--- COLLECTED MATERIAL ---
= Beginning of Section =
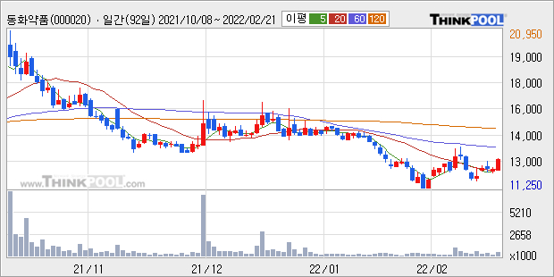 동화약품의 2020년 매출액은 전년대비 -11.4% 줄어든 2721억원이고, 영업이익은 전년대비 133.4% 늘어난 232억원을 기록했다. 이 회사의 매출액 증감률과 영업이익 증감률은 각각 코스피 하위 28%, 상위 11%에 해당된다.
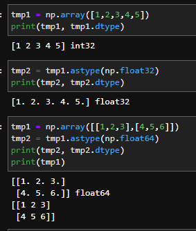 자료형은 Numpy 자료형을 써야 하지만, 그냥 파이썬 자료형을 써도 자동으로 변경 됩니다.
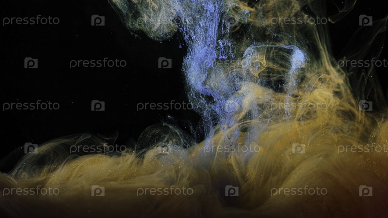 Закрытие потока цветных красок в воде. резервные кадры. макро красивые брызги цветной чернил в воде на чёрном фоне
= End of Section =
--- TASK REQUIREMENTS ---
Without any pictures, return the material above exactly.

--- RESULT OF THIS TASK ---
 동화약품의 2020년 매출액은 전년대비 -11.4% 줄어든 2721억원이고, 영업이익은 전년대비 133.4% 늘어난 232억원을 기록했다. 이 회사의 매출액 증감률과 영업이익 증감률은 각각 코스피 하위 28%, 상위 11%에 해당된다.
 자료형은 Numpy 자료형을 써야 하지만, 그냥 파이썬 자료형을 써도 자동으로 변경 됩니다.
 Закрытие потока цветных красок в воде. резервные кадры. макро красивые брызги цветной чернил в воде на чёрном фоне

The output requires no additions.